» Your goal
Look below for the line that contains "Pościel Bawełniana 140x200 szare kwiatuszki", and write out exactly that line and all remaining lines of the listing, omitting pictures.

» Input data
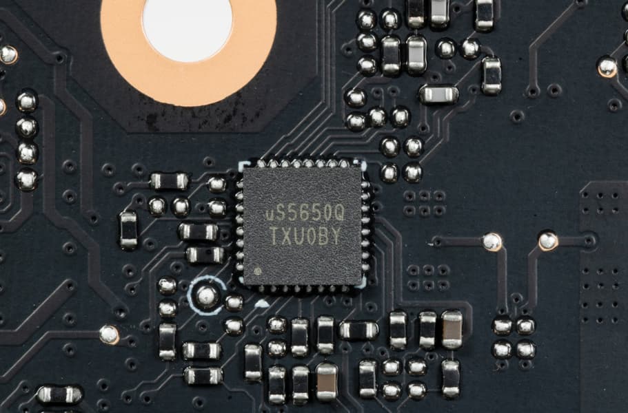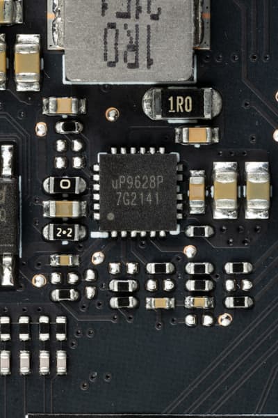 Продолжаем. На тыльной стороне карты имеется контроллер uS5650Q (uPI Semi), который отвечает за мониторинг карты (отслеживание напряжений и температуры).
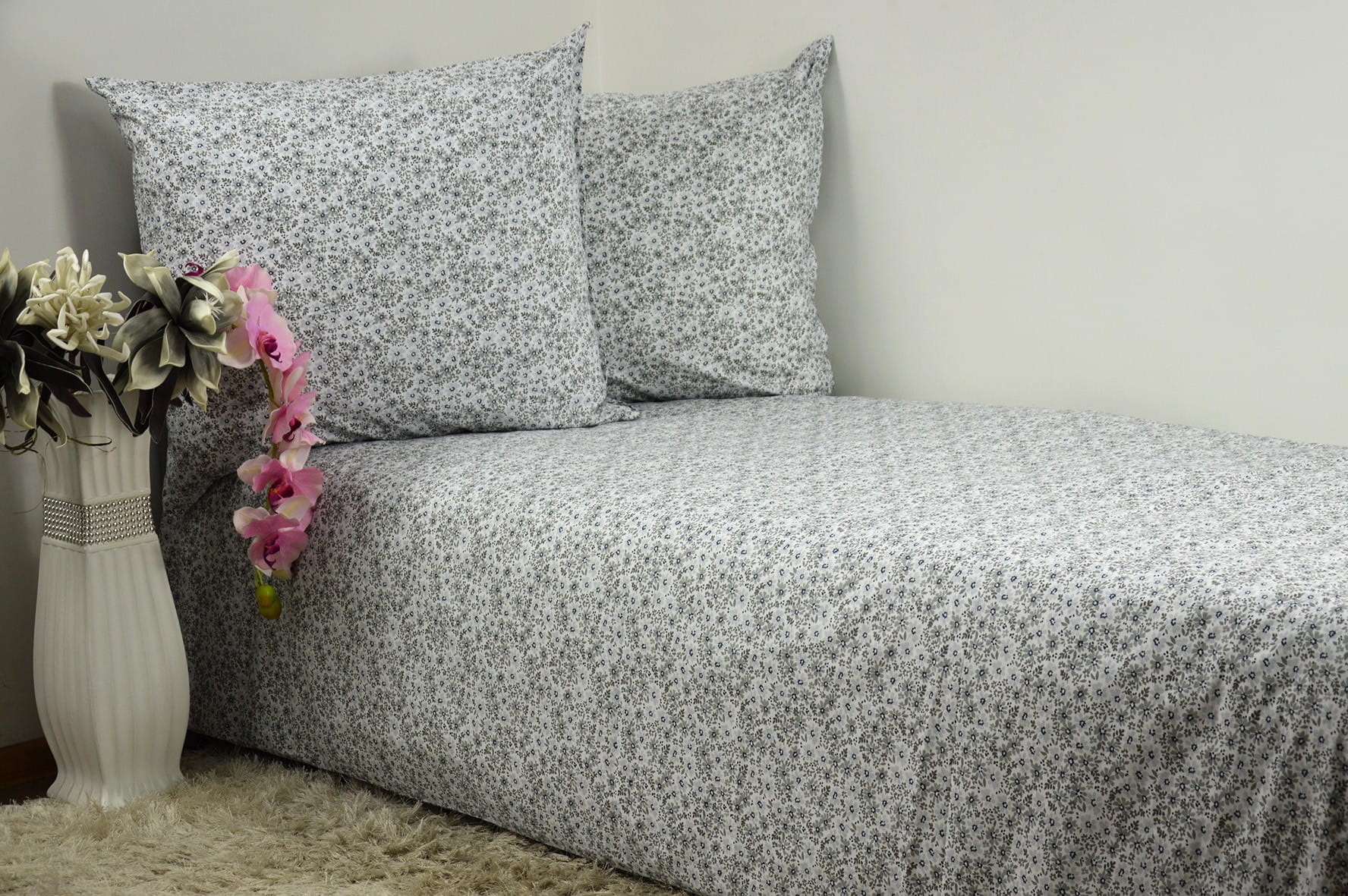Pościel Bawełniana 140x200 szare kwiatuszki
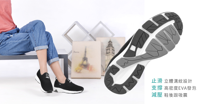 超輕量EVA一體成型橡膠止滑底,立體溝紋設計,加強耐磨止滑,增加抓地力效果。EVA高密度發泡材質,超輕量、支撐性佳,增加行走助力並支撐足部核心。

» Written reply
Pościel Bawełniana 140x200 szare kwiatuszki
 超輕量EVA一體成型橡膠止滑底,立體溝紋設計,加強耐磨止滑,增加抓地力效果。EVA高密度發泡材質,超輕量、支撐性佳,增加行走助力並支撐足部核心。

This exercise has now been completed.